During seven years of investigative journeys in Indonesia, Brazil and East Africa, he was shot at, beaten up by military police, shipwrecked and stung into a poisoned coma by hornets. He came back to work in Britain after being pronounced clinically dead in Lodwar General Hospital in north-western Kenya, having contracted cerebral malaria.

In Britain, he joined the roads protest movement. He was hospitalised by security guards, who drove a metal spike through his foot, smashing the middle bone. He helped to found The Land is Ours, which has occupied land all over the country, including 13 acres of prime real estate in Wandsworth belonging to the Guinness corporation and destined for a giant superstore.

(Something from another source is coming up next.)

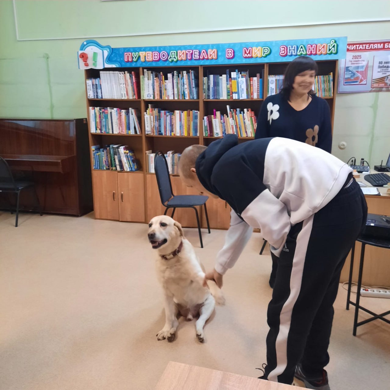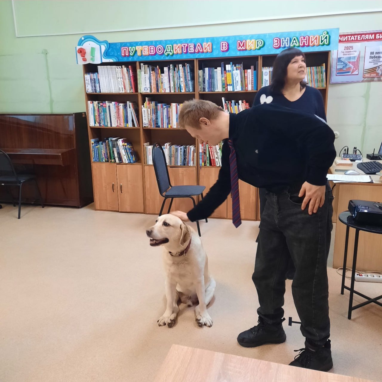 Далее гостей ждала уникальная встреча. Они познакомились с собакой-поводырем по кличке Винс. О его выдающихся способностях рассказала хозяйка Любовь Александровна, инвалид по зрению. Пес помогает хозяйке в быту, сопровождает ее на прогулках и знает множество команд. У гостей была возможность поиграть с Винсом, оценить его уникальные способности и задать хозяйке интересующие их вопросы.

The protesters beat Guinness in court, built an eco-village and held onto the land for six months.

He has held visiting fellowships or professorships at the universities of Oxford (environmental policy), Bristol (philosophy), Keele (politics) and East London (environmental science). He is currently visiting professor of planning at Oxford Brookes University. In 1995 Nelson Mandela presented him with a United Nations Global 500 Award for outstanding environmental achievement. He has also won the Lloyds National Screenwriting Prize for his screenplay The Norwegian, a Sony Award for radio production, the Sir Peter Kent Award and the OneWorld National Press Award.

In summer 2007 he was awarded an honorary doctorate by the University of Essex and an honorary fellowship by Cardiff University.